They don't agree on the order because the two events are separated by distance.
I told you you weren't reading my posts.

 

[wespe]

Einstein's Gedanken right? observer moving FROM the center of the light points AT THE INSTANT that lights are fired simultaneously in the stationary frame. Make that observer stationary. Lights are STILL fired in the first instant of the experiment when the distance between observers and is equal on both sides, light does not move with sources (in this case lightning doesn't leave a "source" to move with anyways). observer does not move either. midpoint DOES move.
conclusion? observer receives light simultaneously.

Einstein's gedanken corresponds to your case#3. The moving observer does not see the lightenings at the same time (since they occurred simultaneously in the stationary frame, they can't have occurred simultaneously in the train frame). I am 100% sure this is SR's prediction. Plus, if he saw them at the same time, there would be a paradox, because the non-moving midpoint observer sees them at the same time at another point in space.

But if you make the moving observer stationary, of course he sees the lightenings at the same time, because he would be in the stationary frame now. That would correspond to case#1.

I don't understand why you say "midpoint DOES move". The midpoint of events never move within any frame, because the location of events never move within a frame. Location of an event in a frame may look like moving from another frame (like burning marks on the train as seen from the embankement), but they would move at the same speed as the train.

Postulate: "Motion of light is independant of the motion of the source, but DEPENDANT on the motion of the observer"

For the hundreth time, there is no motion of the observer in the observer's frame, observer is at rest wrt itself. Of course separation speed changes when looked from another frame, but that's irrelevant. What changes in a frame is the simultaneity of events, not how light moves. That's the whole point you are missing.

 

[Eyesaw]

Yes it does matter, if he is at the midpoint he will detect both simultaneously, if he's not he won't.

Example: the two following gifs show what happens according to the frame the emitters are in and the frame the man is in for the same situation. (the actual animation deals with a railway car moving along a track, but we will just assume that the track represents the platform. In this situation we have to men, one that stays stationary to the platform and one that moves with it.

We further stipulate that the moving man is next to the stationary man when the light is first detected by either.

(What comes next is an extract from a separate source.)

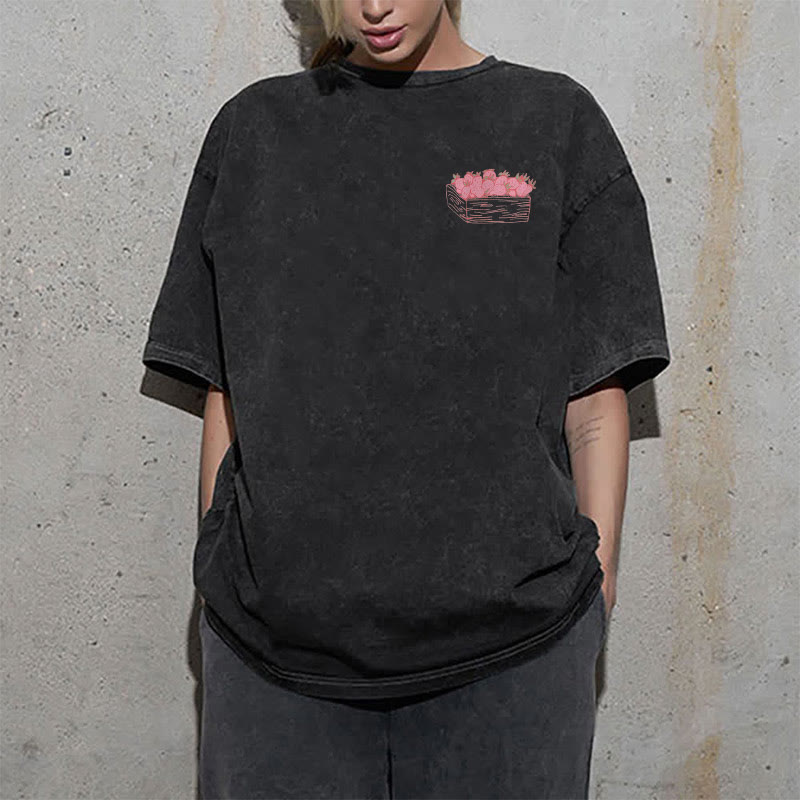 This black, vintage - washed T - shirt is a stylish blend of faith and fashion. The front features a small, subtle pink graphic of a crate filled with strawberries on the left side. The back is where it truly shines. In eye - catching pink lettering, it proclaims “the fruit of THE SPIRIT”. Below, a crate brimming with strawberries is depicted, symbolizing the spiritual fruits listed beneath: Love, Joy, Peace, Patience, Kindness, Goodness, Faithfulness, Gentleness, and Self - Control.
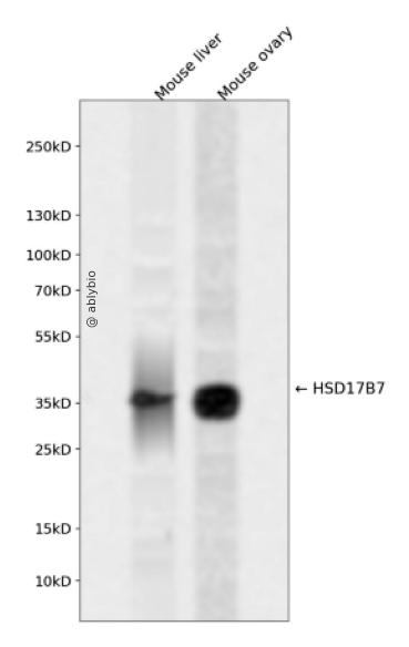 Western blot analysis of HSD17B7 expressed in Mouse liver,Mouse ovary using HSD17B7 Rabbit pAb at 1:1000. Secondary antibody: HRP Goat Anti-Rabbit IgG (H+L) at 1:5000. Lysates/proteins: 30ug per lane. Blocking buffer: 5% non-fat dry milk in TBST. Detection: ECL Enhanced Kit. Exposure time: 120s.

The first animation shows things from the perspective of the emitters and the stationary man:
http://home.teleport.com/~parvey/train1.gif

The photons expand at c in two spherical fronts that reach the mid point at the same time by the observation of both men (both men see the photons arrive at the same time.)

The second animation shows what happens according to the man movig relative to the platform/track.

Since the speed of light is invarient for all observers, he also must see photons exapand outward from the point of emmission as a sphere in his frame. But from his perspective, the emitters do not stay at the the point of emmission. Therefore, in order for him to detect the emissions from both emitters at the same time, and at the same time as the man stationary to the platform, in his frame, the emiiters do not emit simultaneously, but one emits after the other.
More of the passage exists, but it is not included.